* _Record set_:
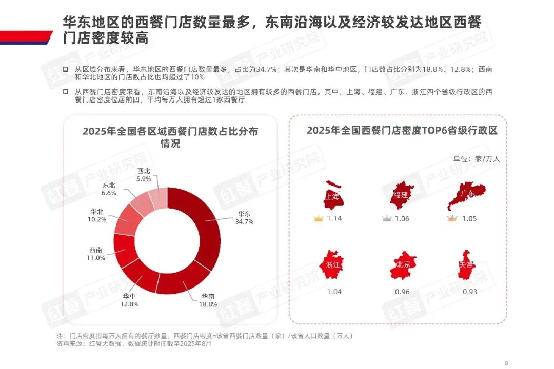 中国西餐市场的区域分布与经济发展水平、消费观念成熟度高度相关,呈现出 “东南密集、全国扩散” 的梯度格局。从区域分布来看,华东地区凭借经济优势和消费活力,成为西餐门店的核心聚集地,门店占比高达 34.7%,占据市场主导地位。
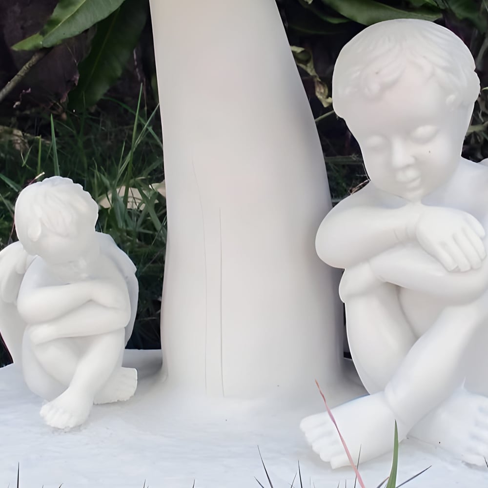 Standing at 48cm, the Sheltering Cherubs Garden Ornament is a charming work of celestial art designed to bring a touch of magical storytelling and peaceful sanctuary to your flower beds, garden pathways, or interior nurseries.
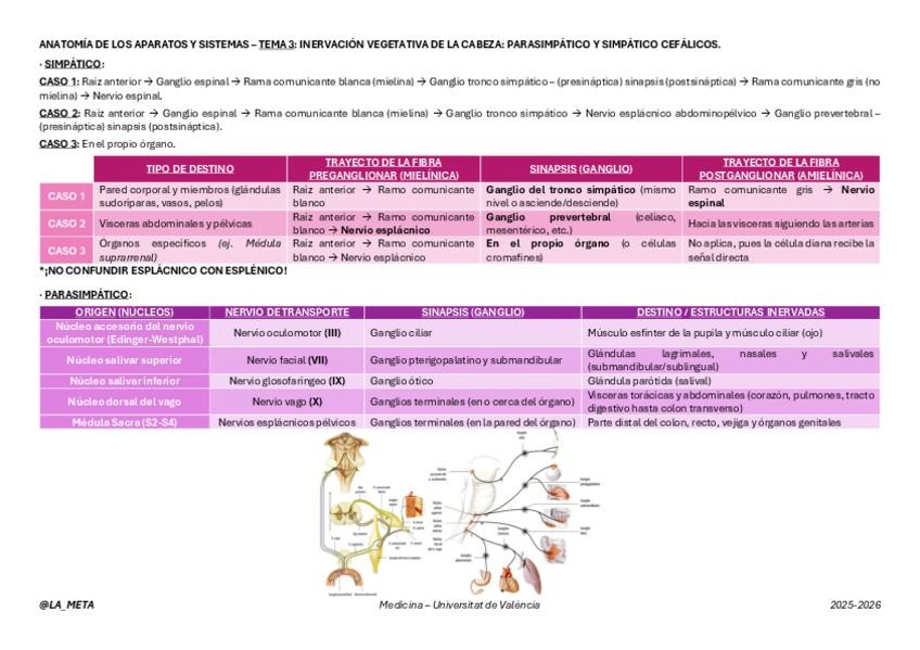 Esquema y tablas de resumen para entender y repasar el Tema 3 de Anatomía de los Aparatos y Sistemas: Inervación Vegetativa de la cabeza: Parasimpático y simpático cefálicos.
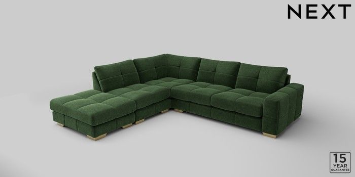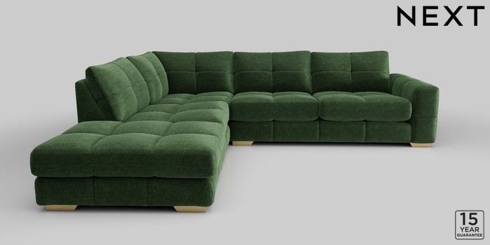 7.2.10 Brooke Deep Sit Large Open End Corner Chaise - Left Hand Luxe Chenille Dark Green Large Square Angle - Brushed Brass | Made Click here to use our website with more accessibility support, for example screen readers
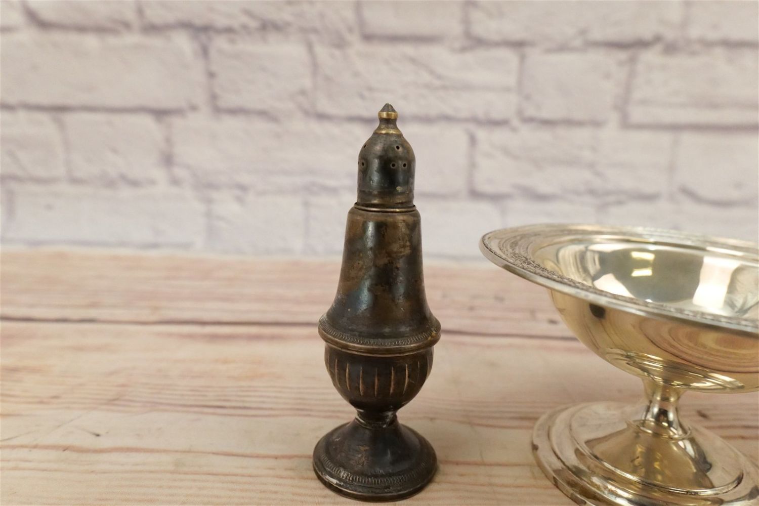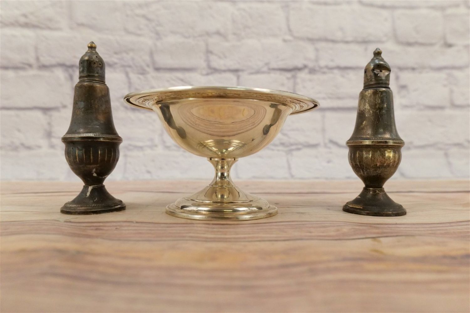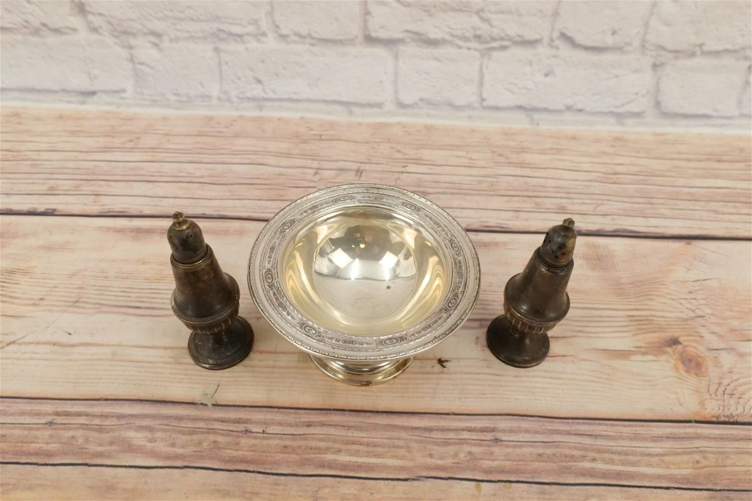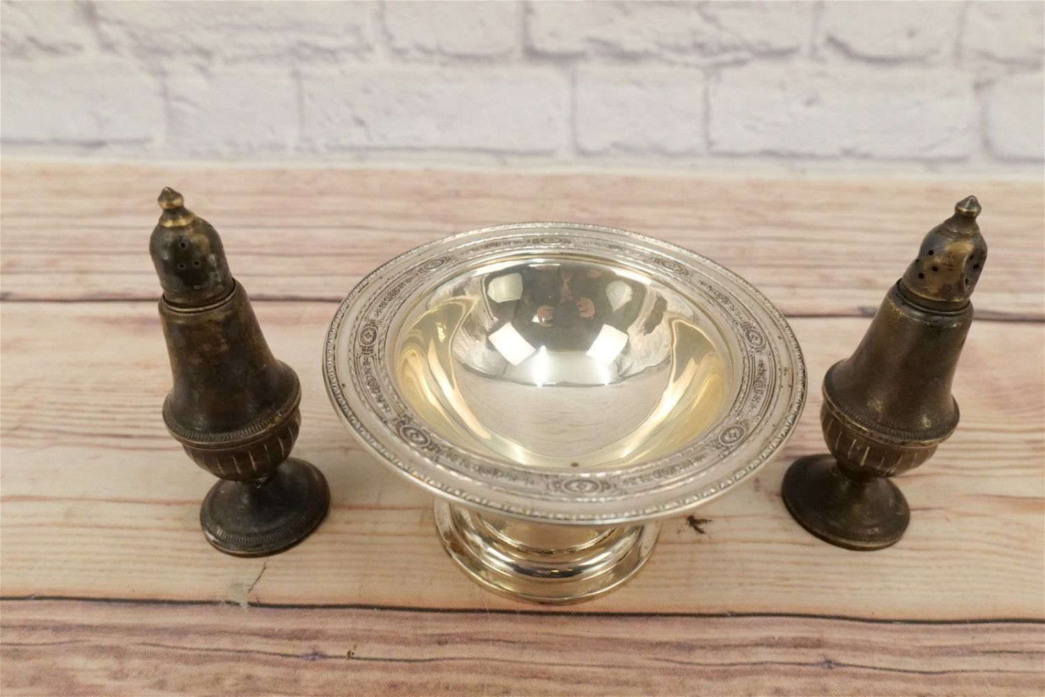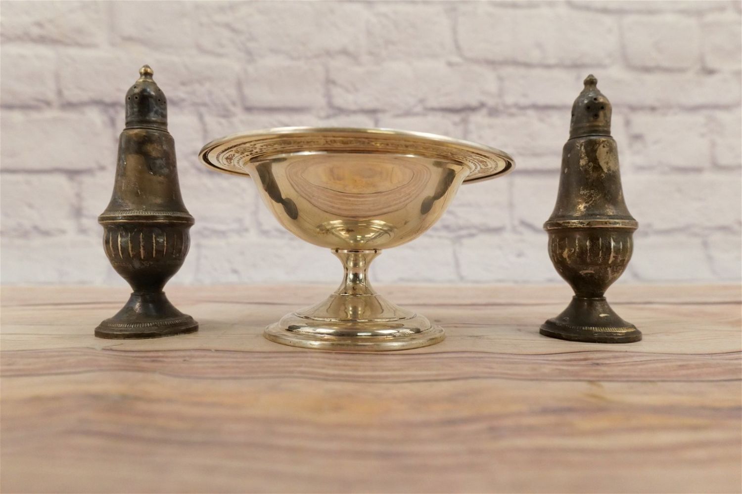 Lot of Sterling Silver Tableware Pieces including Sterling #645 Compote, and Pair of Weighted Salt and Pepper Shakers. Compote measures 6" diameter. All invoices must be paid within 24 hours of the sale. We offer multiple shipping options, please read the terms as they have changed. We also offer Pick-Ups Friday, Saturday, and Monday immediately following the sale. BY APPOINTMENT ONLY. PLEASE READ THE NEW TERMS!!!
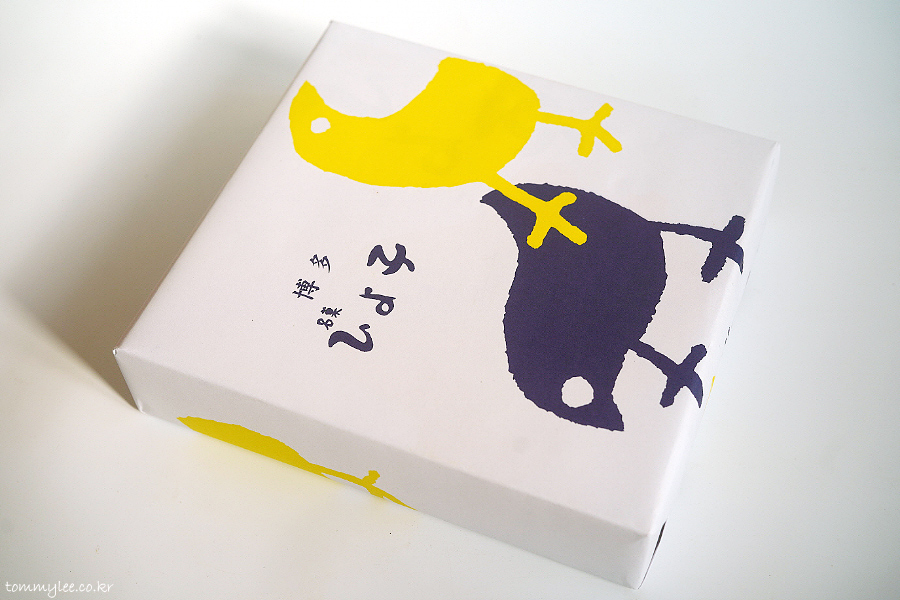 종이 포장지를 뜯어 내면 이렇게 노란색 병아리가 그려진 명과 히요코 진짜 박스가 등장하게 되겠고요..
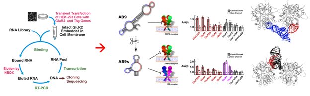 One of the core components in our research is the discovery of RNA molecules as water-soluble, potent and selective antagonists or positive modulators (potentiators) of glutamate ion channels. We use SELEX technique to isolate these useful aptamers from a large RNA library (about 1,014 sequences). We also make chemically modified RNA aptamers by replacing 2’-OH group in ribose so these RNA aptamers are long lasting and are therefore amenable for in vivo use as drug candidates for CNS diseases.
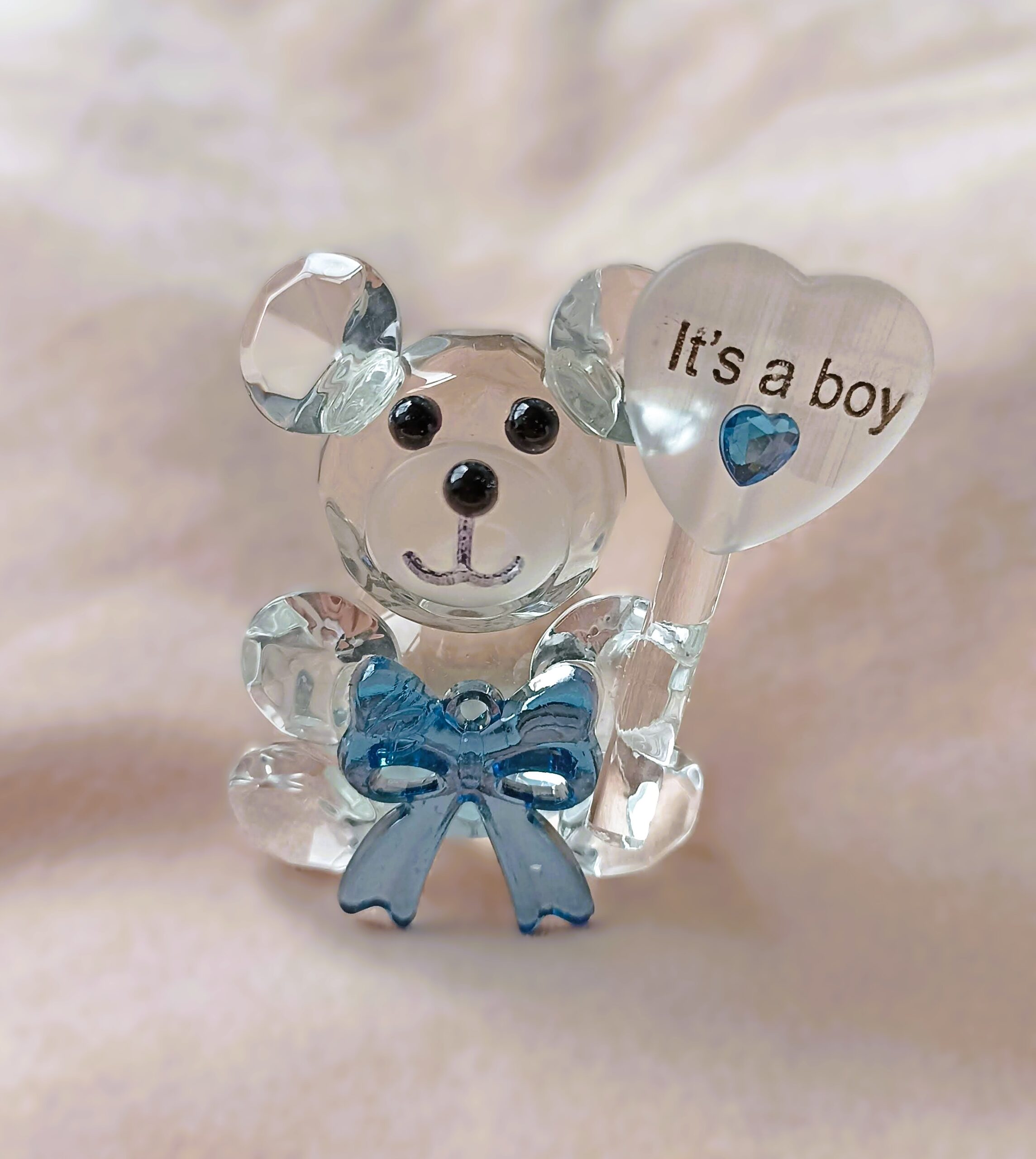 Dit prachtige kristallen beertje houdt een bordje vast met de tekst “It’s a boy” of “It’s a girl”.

* _Work required_: No pictures should appear in the copy, and each record above is to be returned exactly.

* _Answer space_:
 中国西餐市场的区域分布与经济发展水平、消费观念成熟度高度相关,呈现出 “东南密集、全国扩散” 的梯度格局。从区域分布来看,华东地区凭借经济优势和消费活力,成为西餐门店的核心聚集地,门店占比高达 34.7%,占据市场主导地位。
 Standing at 48cm, the Sheltering Cherubs Garden Ornament is a charming work of celestial art designed to bring a touch of magical storytelling and peaceful sanctuary to your flower beds, garden pathways, or interior nurseries.
 Esquema y tablas de resumen para entender y repasar el Tema 3 de Anatomía de los Aparatos y Sistemas: Inervación Vegetativa de la cabeza: Parasimpático y simpático cefálicos.
 7.2.10 Brooke Deep Sit Large Open End Corner Chaise - Left Hand Luxe Chenille Dark Green Large Square Angle - Brushed Brass | Made Click here to use our website with more accessibility support, for example screen readers
 Lot of Sterling Silver Tableware Pieces including Sterling #645 Compote, and Pair of Weighted Salt and Pepper Shakers. Compote measures 6" diameter. All invoices must be paid within 24 hours of the sale. We offer multiple shipping options, please read the terms as they have changed. We also offer Pick-Ups Friday, Saturday, and Monday immediately following the sale. BY APPOINTMENT ONLY. PLEASE READ THE NEW TERMS!!!
 종이 포장지를 뜯어 내면 이렇게 노란색 병아리가 그려진 명과 히요코 진짜 박스가 등장하게 되겠고요..
 One of the core components in our research is the discovery of RNA molecules as water-soluble, potent and selective antagonists or positive modulators (potentiators) of glutamate ion channels. We use SELEX technique to isolate these useful aptamers from a large RNA library (about 1,014 sequences). We also make chemically modified RNA aptamers by replacing 2’-OH group in ribose so these RNA aptamers are long lasting and are therefore amenable for in vivo use as drug candidates for CNS diseases.
 Dit prachtige kristallen beertje houdt een bordje vast met de tekst “It’s a boy” of “It’s a girl”.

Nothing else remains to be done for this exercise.